**Activity:** Look through the data below for the line with "Den nya byggnaden" and the line with "Hi, I'm Samuel.", then output those two and all lines in between, exactly as written.

**Available data:**

-.-.-

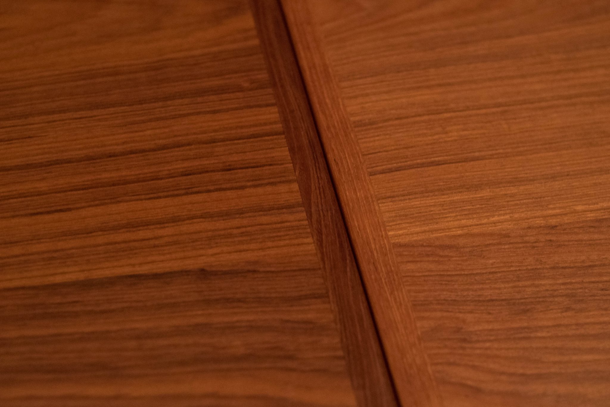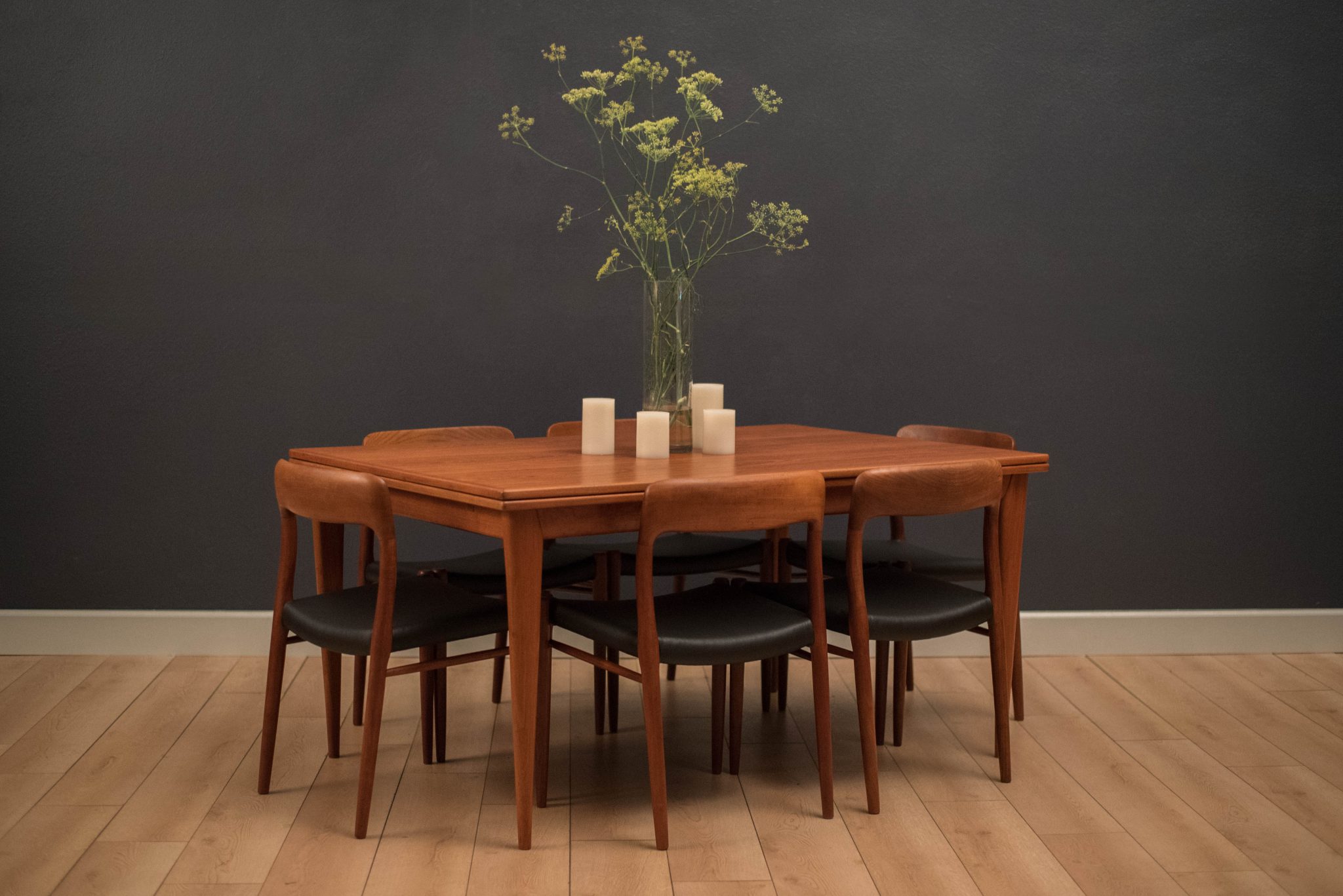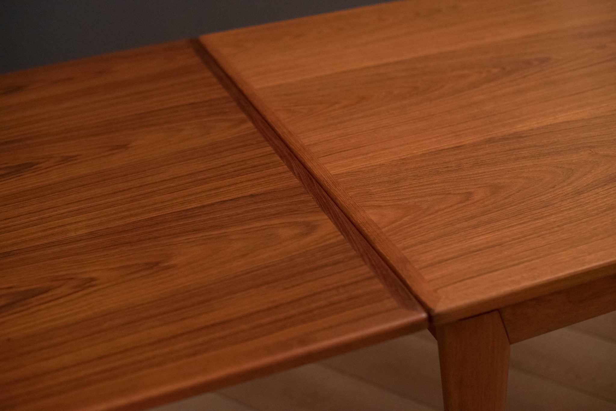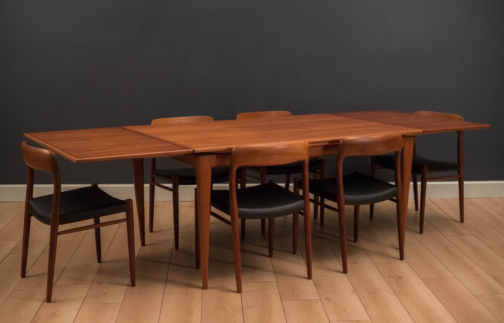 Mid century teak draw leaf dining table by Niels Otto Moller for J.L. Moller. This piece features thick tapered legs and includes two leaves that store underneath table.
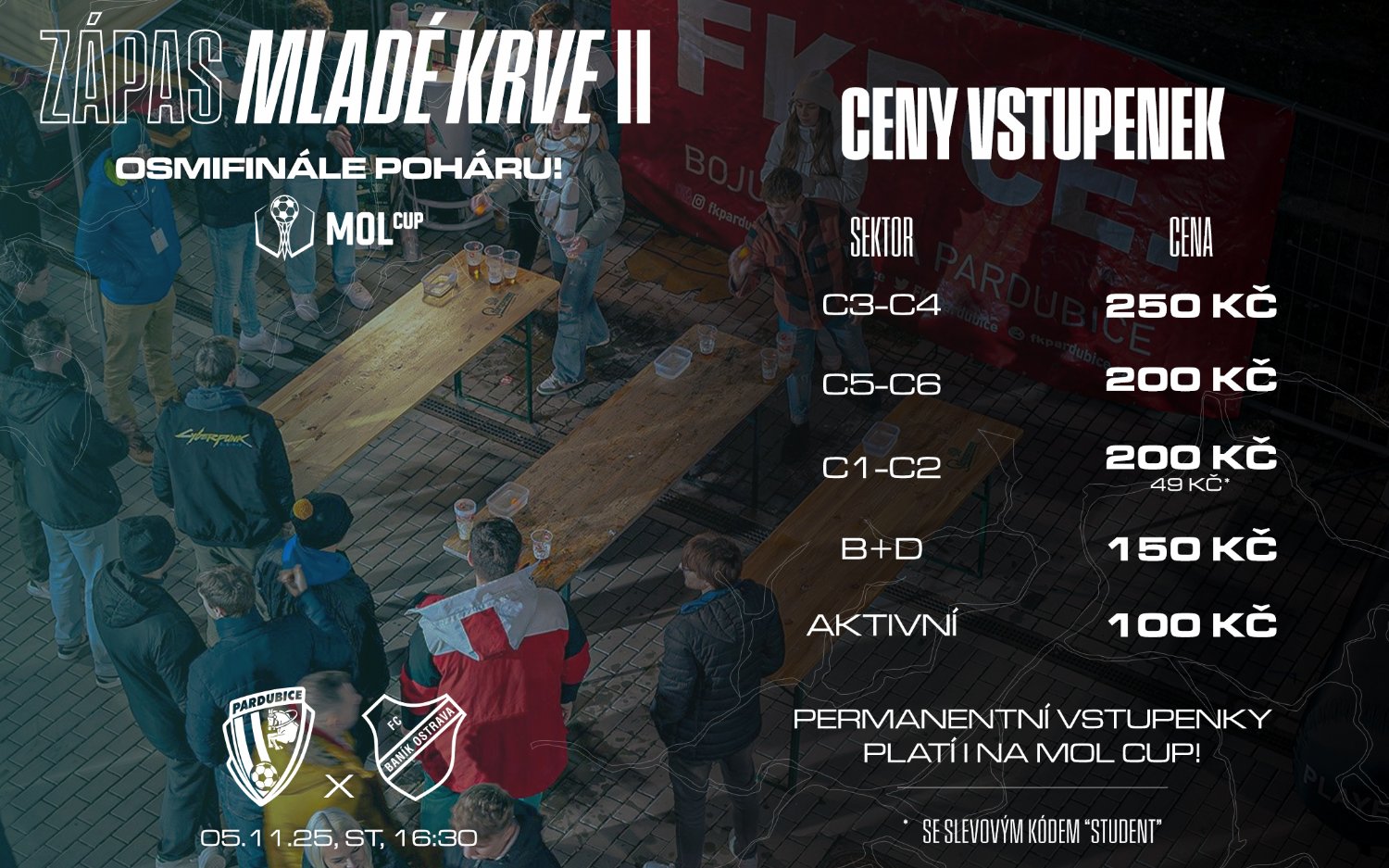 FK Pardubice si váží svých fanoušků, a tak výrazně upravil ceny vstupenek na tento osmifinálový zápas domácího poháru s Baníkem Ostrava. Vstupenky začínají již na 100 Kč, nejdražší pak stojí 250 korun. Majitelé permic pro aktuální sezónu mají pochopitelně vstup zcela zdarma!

-.-.-

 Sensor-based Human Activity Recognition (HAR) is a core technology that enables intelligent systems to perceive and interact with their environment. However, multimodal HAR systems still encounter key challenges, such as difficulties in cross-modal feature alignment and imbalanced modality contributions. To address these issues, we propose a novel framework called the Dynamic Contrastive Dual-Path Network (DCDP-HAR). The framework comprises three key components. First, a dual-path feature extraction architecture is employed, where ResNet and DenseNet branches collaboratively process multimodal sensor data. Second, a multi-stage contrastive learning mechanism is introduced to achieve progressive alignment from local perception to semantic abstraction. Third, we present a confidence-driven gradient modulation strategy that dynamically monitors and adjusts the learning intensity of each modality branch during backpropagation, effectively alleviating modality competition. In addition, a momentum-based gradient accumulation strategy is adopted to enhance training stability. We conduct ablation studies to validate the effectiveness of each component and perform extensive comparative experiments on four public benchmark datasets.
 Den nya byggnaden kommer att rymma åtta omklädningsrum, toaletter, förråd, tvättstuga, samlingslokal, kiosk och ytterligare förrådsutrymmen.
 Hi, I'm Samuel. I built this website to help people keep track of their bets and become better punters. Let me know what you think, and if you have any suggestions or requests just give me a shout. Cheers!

-.-.-

**Completed exercise:**
 Den nya byggnaden kommer att rymma åtta omklädningsrum, toaletter, förråd, tvättstuga, samlingslokal, kiosk och ytterligare förrådsutrymmen.
 Hi, I'm Samuel. I built this website to help people keep track of their bets and become better punters. Let me know what you think, and if you have any suggestions or requests just give me a shout. Cheers!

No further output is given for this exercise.